Last updated: 2026-03-22 Status: v0.1.0 — SkillFlow protocol + MuJoCo sim + Multi-stage Agent Pipeline + AI Chat
- Full NL pipeline: "抓杯子" → classify → plan → execute (scan→detect→pick→place→home) → summarize
- Multi-stage Agent Pipeline: CLASSIFY → ROUTE → PLAN → EXECUTE → ADAPT → SUMMARIZE
- AI Chat (V): multi-turn conversation with Claude Haiku, context-aware (knows robot state + objects)
- MuJoCo simulation: SO-101 with real STL meshes, 6 mesh objects, weld grasping, smooth real-time motion
- Simulated perception: ground-truth object detection, Chinese/English NL queries
- Web Dashboard: localhost:8000, real-time WebSocket chat + status
- Direct commands without LLM: home, scan, open, close (instant)
- Chinese + English natural language
- Live camera viewer: RGB + depth side-by-side, EdgeTAM tracking overlay
- 733+ unit tests passing
- ROS2 integration layer (optional, 5 nodes + launch file)
- Textual TUI dashboard (5 tabs)
- SO-101 arm driver (Feetech STS3215 serial)
User Input
|
v
[Stage 1: MATCH] — @skill alias matching (zero LLM)

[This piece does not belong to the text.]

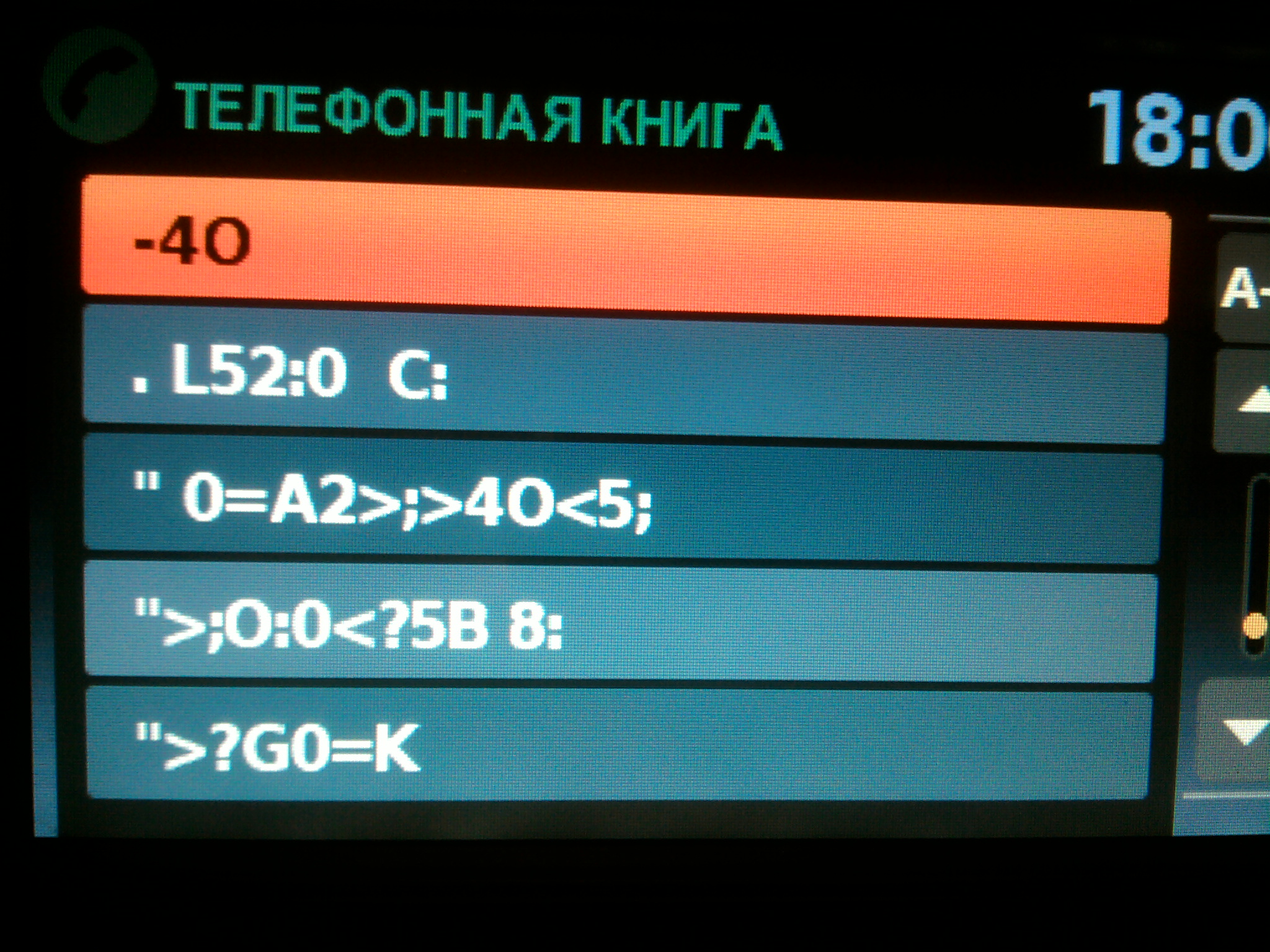 levsha писал(а):И я уже в который раз "намекну" что раз с одним телефоном всё нормально, то вряд ли виноват Nissan Connect (вспоминаем из-за чего вся перепалка началась). Но нюанс в том, что английские символы выглядят одинаково в utf8, koi8r, koi8ru, koi8u, cp1251, cp866 и еще в куче других кодировок. Именно поэтому я и говорю что добиться кривого отображения полностью латинских контактов очень непросто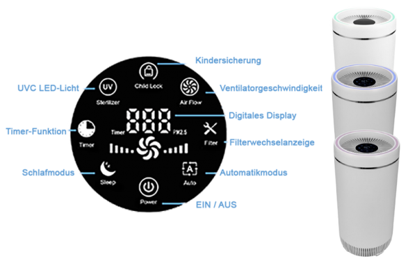 • Filterlebensdauer von ca. 6 Monaten • Hochpräziser PM-Sensor mit digitalem Display

Match + direct=True → Execute immediately (home, open, close)
Match + auto_steps → Expand chain (scan→detect→pick→home)
Match + complex → Stage 3 (LLM plan)
No match → Stage 2
|
[Stage 2: CLASSIFY] — Haiku, fast intent detection
→ chat | task | query
|
[Stage 3: PLAN] — Haiku, task decomposition
Input: user goal + @skill schemas + world state
Output: { message: "好的主人...", steps: [...] }
|
[Stage 4: EXECUTE] — deterministic, no LLM
Run skills step by step, show progress
|
[Stage 5: ADAPT] — on failure, retry or explain
|
[Stage 6: SUMMARIZE] — Haiku, result report
All routing is declarative via @skill decorator — zero hard-coded command matching:
@skill(aliases=["grab", "抓", "拿"], auto_steps=["scan", "detect", "pick"])
class PickSkill: ...
@skill(aliases=["close", "grip", "夹紧"], direct=True)
class GripperCloseSkill: ...See docs/skill-protocol.md for full specification.
vector_os_nano/
├── core/ Agent (multi-stage pipeline), Planner, Executor, WorldModel, Skill protocol
├── llm/ Claude/OpenAI providers, classify/plan/chat/summarize prompts
├── perception/ RealSense camera, Moondream VLM, EdgeTAM tracker, pointcloud
├── hardware/
│ ├── so101/ SO-101 arm driver (Feetech STS3215 serial, Pinocchio IK)
│ └── sim/ MuJoCo simulation (arm, gripper, perception, 6 mesh objects)
├── skills/ pick, place, home, scan, detect
├── cli/ Interactive CLI with AI chat (V), braille logo
├── web/ FastAPI + WebSocket dashboard (localhost:8000)
└── ros2/ Optional ROS2 nodes + launch file (5 nodes)
config/
├── default.yaml # SDK defaults (arm, camera, LLM, skills)
├── user.yaml # User overrides (API keys, gitignored)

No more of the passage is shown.